Metadata-Version: 2.1
Name: ai4bharat-transliteration
Version: 1.0.0.2
Summary: Indic-Xlit: Transliteration library for Indic Languages. Conversion of text from English to 21 languages of South Asia.
Home-page: https://github.com/AI4Bharat/IndicXlit
Author: AI4Bhārat
Author-email: opensource@ai4bharat.org
License: MIT
Project-URL: Our Research, https://indicnlp.ai4bharat.org/indic-xlit/
Project-URL: Demo Website, https://xlit.ai4bharat.org
Project-URL: Report Issues, https://github.com/AI4Bharat/IndicXlit/issues
Project-URL: Source Code, https://github.com/AI4Bharat/IndicXlit/tree/master/app
Classifier: Programming Language :: Python :: 3
Classifier: License :: OSI Approved :: MIT License
Classifier: Operating System :: OS Independent
Classifier: Topic :: Scientific/Engineering :: Artificial Intelligence
Classifier: Topic :: Software Development :: Libraries
Requires-Python: >=3.6
Description-Content-Type: text/markdown

# AI4Bharat Transliteration Application

An AI-based transliteration engine for 21 major languages of the Indian subcontinent.

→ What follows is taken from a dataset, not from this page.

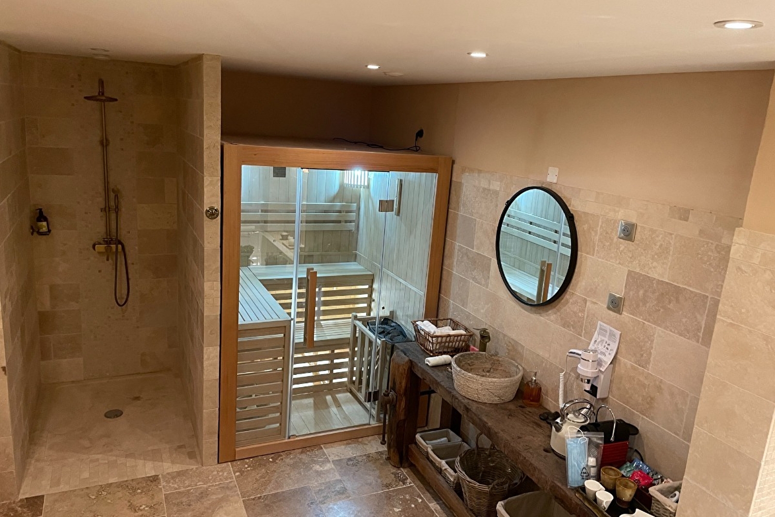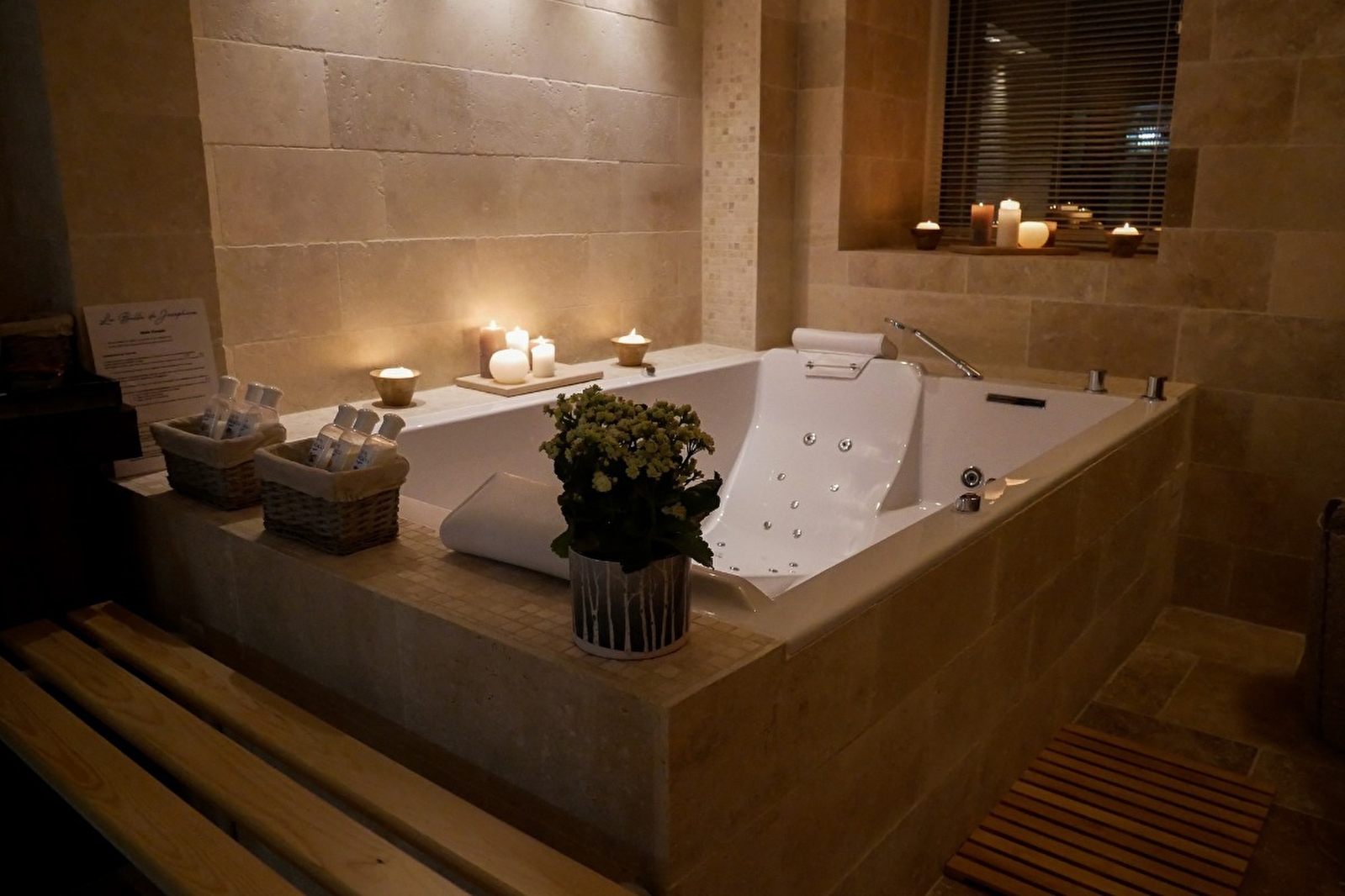 Eine oder zwei Nächte, um als Paar eine Pause zu machen? Entdecken Sie "La Bulle de Joséphine", ein atypisches Zimmer in einem authentischen Rahmen, nur einen Steinwurf von Ihrem Haus entfernt ... Ein 40m2 großer Raum auf zwei Ebenen, der der Erholung gewidmet ist, mit einem Balneo-Sauna-Bereich im Erdgeschoss und einem Cocooning-Zimmer im Obergeschoss. Hochwertige Bettwäsche, 180x200. In einer beruhigenden, warmen Umgebung können Sie die Wohltaten der Balneotherapie zu zweit genießen. Die Badewanne ist zu 100 % französisch und entspricht den Anforderungen an Ergonomie und Komfort. Die Balneotherapiebehandlung dient dem Komfort, der Entspannung oder der Stärkung der Muskeln. Sie ermöglicht > Muskelentspannung > Verbesserung der Blutzirkulation > Entspannung Verbinden Sie die Vorteile der Farbe mit der Chromotherapie, um angenehme Lichteffekte zu erzeugen. Ein Saunabesuch ist ein Moment der Entspannung für Körper und Geist. Die Vorteile liegen in der extremen Temperatur, der man seinen Körper aussetzt, und im Wechsel von heiß und kalt. Bademäntel und Hausschuhe werden kostenlos zur Verfügung gestellt, ebenso wie eine Tee-Kaffee-Bar. Das Frühstück ist im Preis inbegriffen. Gegen Aufpreis und nach vorheriger Reservierung: Abendessen mit lokalen Produkten (Wurstwaren, Käse, Getränke).

This package provides support for:  
1. Python Library for transliteration from Roman to Native script
2. HTTP API server that can be hosted for interaction with web applications

## About

This library is based on our [research work](https://indicnlp.ai4bharat.org/indic-xlit/) called **Indic-Xlit** to build tools that can translit text to Indic languages from colloquially-typed content (in English alphabet), precisely called as Roman-to-Native back-transliteration. Note that currently we **do not support** Indic to English conversion (Native-to-Roman transliteration).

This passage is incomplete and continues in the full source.